Come as You Are

To be honest, I love these pants-optional book events…

Come as You Are

There is so much to miss, now nine months in. Lipstick, for one. Movie popcorn. A hug from my father. And putting on actual pants and hard-soled shoes in order to bear witness to the book launches of so many friends.

Politics and Prose, Sixth & I, the Gaithersburg Book Festival, the Writers Center. These venues were as familiar to me as my own living room. So was the way to the bar in the home of Mary Kay Zuravleff, the hostess of so many joyful afterparties. How I long to see a sheet cake decorated with an exact replica of a book's front cover again.

Writing is a supremely solitary experience, and I fear that authors right now are being robbed of the communal recognition and applause that go along with an in-person launch, even if that launch is only in front of a book club in a friend’s basement.

“If I write it, they will come no longer.”

This doesn't seem fair.

Like so many Luddites, I didn’t take to Zoom right away.
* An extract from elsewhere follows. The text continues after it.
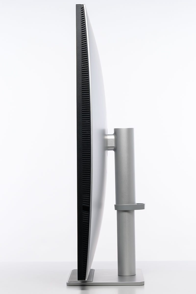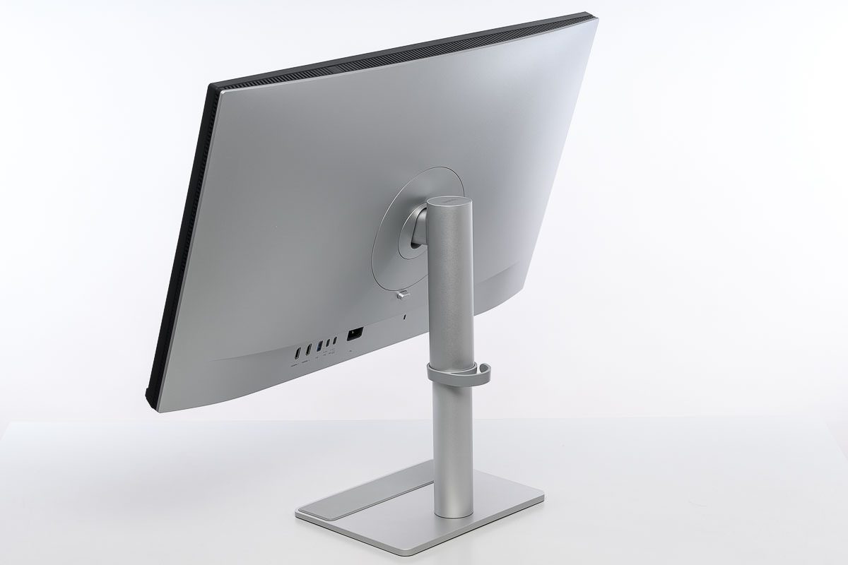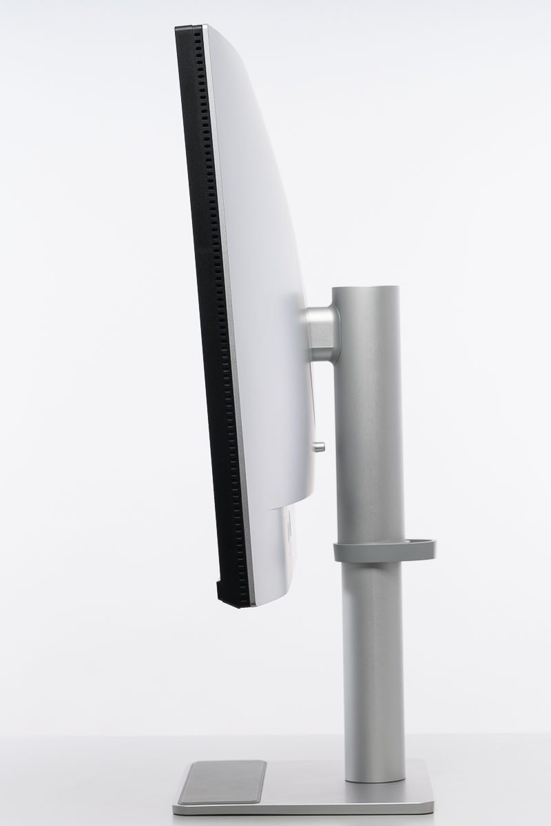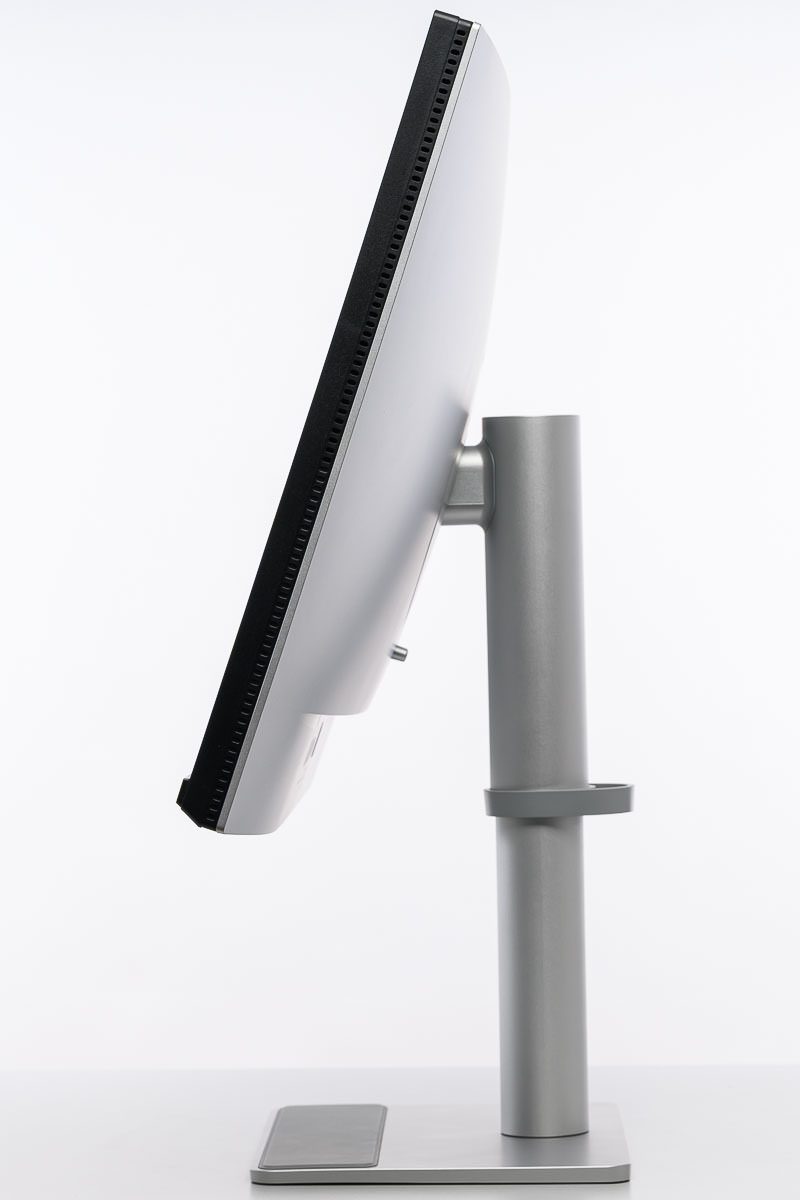 Zugleich bleibt es nicht bei bloßer Imitation: Beide Bauteile fühlen sich teilweise durchaus kühl an, was gut dazu passt, dass im Inneren sichtbar nicht an Metall gespart wurde. Auch Verarbeitung und Spaltmaße geben keinen Anlass zur Kritik. Der BenQ MA320UP wirkt sauber gefertigt und insgesamt hochwertiger, als es die Materialwahl auf den ersten Blick vermuten lässt. Die entsprechenden Ansichten in hoher und niedriger Stellung sowie in der Drehung unterstreichen diesen aufgeräumten und gefälligen Gesamteindruck.

Nor did I have to — unlike my son, Leo, who Zooms all day with his teachers and classmates, or my husband, Karl, whose work calendar is a wall-to-wall monolith of virtual meetings and client presentations. When I open my laptop, it's either to write or to stroll the aisles of eBay.

But then a funny thing happened. In an effort to prepare for a recent Q&A with Kerri Arsenault, I signed up for an event hosted by Belmont Books. For a little over an hour, I had a front-row seat as Kerri read from her beautiful book, Mill Town, chitchatted with fellow author Elizabeth Rush, and answered questions sent out into the ether from other virtual attendees.

After actively avoiding virtual happy hours with friends and the many stops and starts of trying to hold monthly book-club meetings, I have to say: Zooming with favorite authors — I've been up close and personal with, among others, Nick Flynn, Dani Shapiro, and K-Ming Chang — is a pretty great stopgap.

In taking part (and advantage) of the new new-book launch, I’ve found some surprising benefits to staying home. Other than the obvious one (becoming a sentient mullet: business on top and party on the bottom), I've been able to get a peek into the homes — even the bedrooms — of notoriously private people. This sort of access adds a level of intimacy not found under the florescent lights of bookstores.

One writer has what looked like a shofar on her mantel; another sat next to a stack of books arranged like a game of Jenga. One night, I fretted that a particularly over-extended author would never get to that pile of laundry in the corner of her room. On another, I wondered if the author was conducting his virtual event from IKEA. And most recently, I watched a grownup read an excerpt from his latest release with Winnie-the-Pooh (and Tigger, too!) as his backdrop.

Oftentimes, what's on the wall is more telling than what's on the page.

Still, I suppose the best part of attending book events during a pandemic is that I no longer have to put up with that one person who takes over the microphone, holding the audience hostage while he or she asks an endless, usually self-serving question that turns out not to be a question at all. I hate those windbags.

"I read that the novel is dead," proclaimed one such smug sucker after a reading by Jonathan Franzen in the Before Times. Say what you will about Franzen and the unlikable characters who populate his novels, but after watching the author politely rip this guy a new one, I’m quite certain the takedown would’ve been just as satisfying to witness via Zoom.

Cathy Alter is a member of the Independent’s board of directors and the author of CRUSH: Writers Reflect on Love, Longing, and the Power of Their First Celebrity Crush.